2. Information, however, is often of limited value until it has been placed
within context and interpreted. Therefore, the circulation of information
has always involved the circulation of interpretation and evaluation. This
in turn has led to discussion and debate among those with different
interpretations. Carried out through web pages, the presentation of
interpretations can become quite one-sided --each position has its own
page.(42) But in electronic mail, especially in the usual form of mailing
lists and conferences, access is free and all sides have the possibility of
articulating their own position. Unlike newspapers, radio and television
media where feedback is slow or non-existence, these electronic forums
insure quick interaction among varying interpretations. These lists then,
with their ongoing flows of conversation (which are often archived on web
pages) constitute a kind of alternative, oppositional community of
discussion and debate outside of and operating much more democratically than
traditional policymaking institutions.(43)

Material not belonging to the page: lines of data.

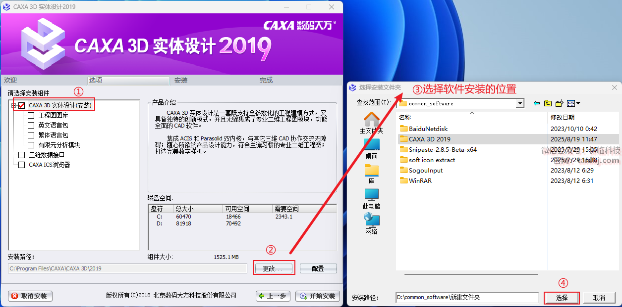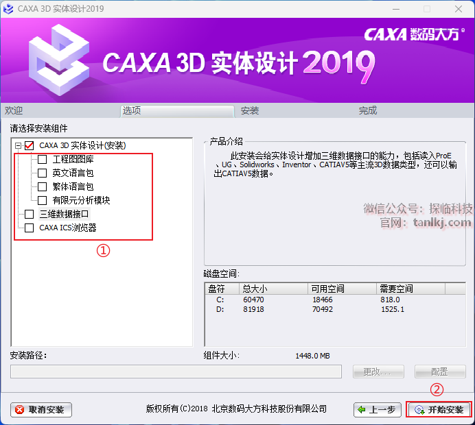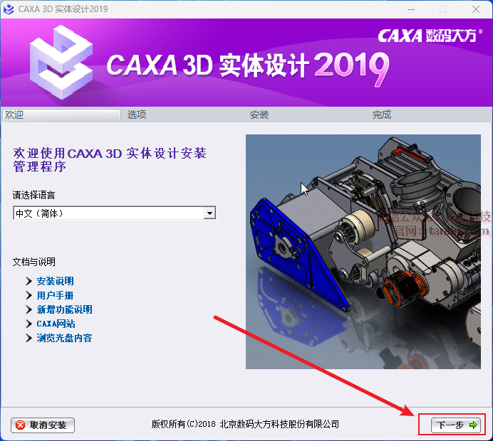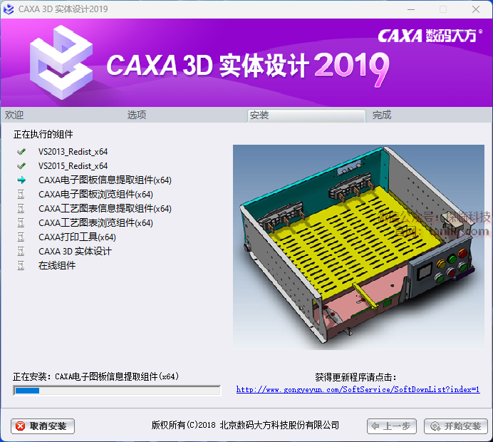 ①勾选【CAXA 3D实体设计(安装)】;
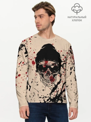 Мужской лонгслив базовый / Череп Хипстер Брызги Краски
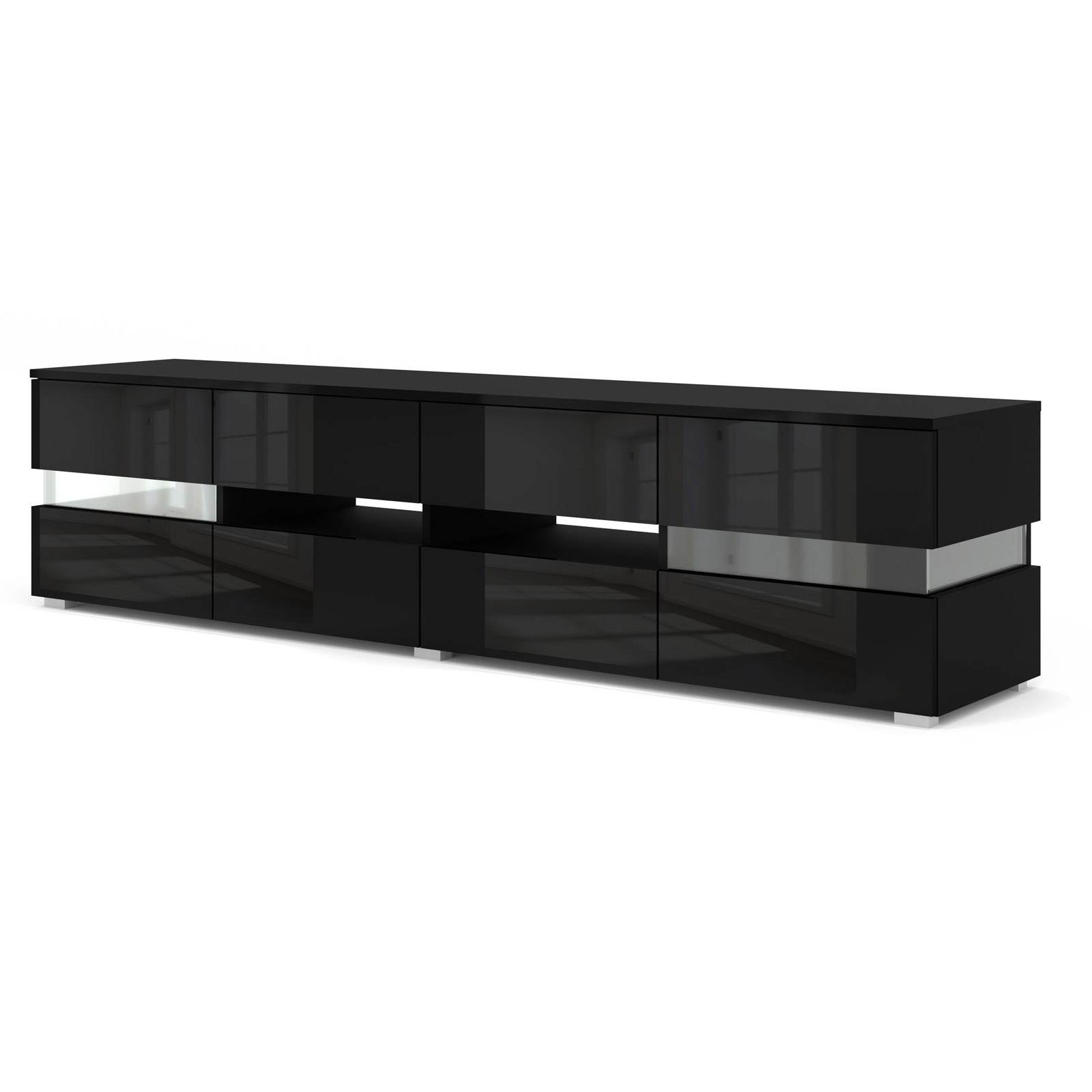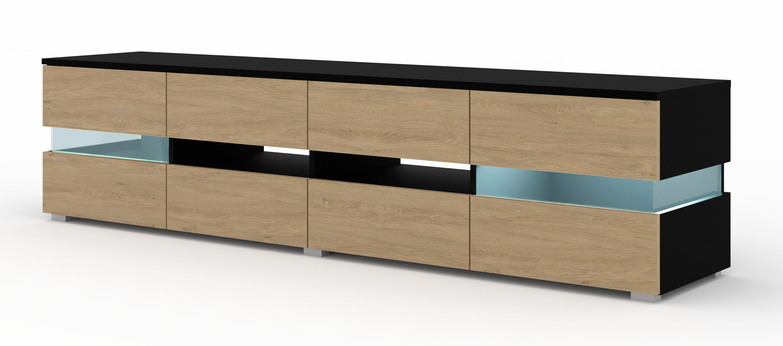 VIPER to jednak nie tylko estetyka, ale przede wszystkim genialnie zaplanowana przestrzeń. Model ten oferuje niespotykaną w tej kategorii liczbę sześciu osobnych, zamykanych szafek. Taka konstrukcja pozwala na mistrzowską organizację domowego centrum rozrywki – każdy przedmiot, od kabli i ładowarek, po gry i sprzęt audio, znajdzie tu swoje stałe miejsce. Dodatkowym atutem są przezroczyste szyby dzielące fronty oraz boki szafki. To rozwiązanie nadaje meblowi lekkości i pozwala na subtelne wyeksponowanie zawartości wnęk, co czyni szafkę dynamicznym elementem wystroju.
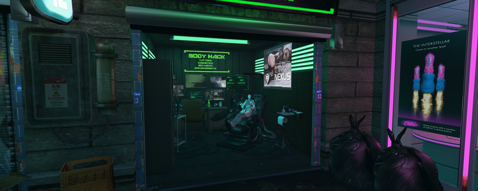 Moving down the alley on the right, and we find a place doing “Tattoos, Cosmetics, Bio Hacks, and Enhancements”.

3. What precipitates out of this community are various kinds of off-line
activities, sometimes of protest and objection, sometimes of the positive
elaboration of alternatives. This precipitation takes place as discussion
and debate about what is going on passes over into questions of what is to
be done. So, for example, knowledge about the Zapatista uprising led to
mobilization to prevent its extermination. Similarly, examination of and
debate about the drafts of NAFTA and the MAI led to discussion and debate
about how to block them. Such discussion has ranged from general questions
of strategy and tactics to the crafting of particular efforts. In the case
of NAFTA, for example, there was a debate over whether opposition should be
mobilized against agreement itself or against its fast-track negotiation and
implementation. (The latter was chosen and the battle was lost.) In the case
of the MAI there was a similar debate over whether to fight for its
abandonment or to participate in its reform. The former was chosen and the
battle was won --at least temporarily.) In the case of the NAFTA, there was
considerable discussion of possible alternative principles for "fair" trade.
In the case of the MAI what discussion there has been about alternative
approaches to corporate rights have concerned their limitation rather than
their extension.

But the medium is also the message and throughout the electronic fabric of
these computer communications we find discussion and debate about best uses
and possible abuses of the medium itself. Partly this has emerged directly
from the interactions -- as in recurrent discussions of netiquette. Partly
it has come in reaction to outside attempts to limit or censure the content
of the interactions as in efforts to outlaw pornography (U.S, Europe), to
forbid political use (Singapore, Burma, China) or to interfere with
political use (Germany, Italy). The debate over proper use has also emerged
at the interface between these new movements and older forms of struggle.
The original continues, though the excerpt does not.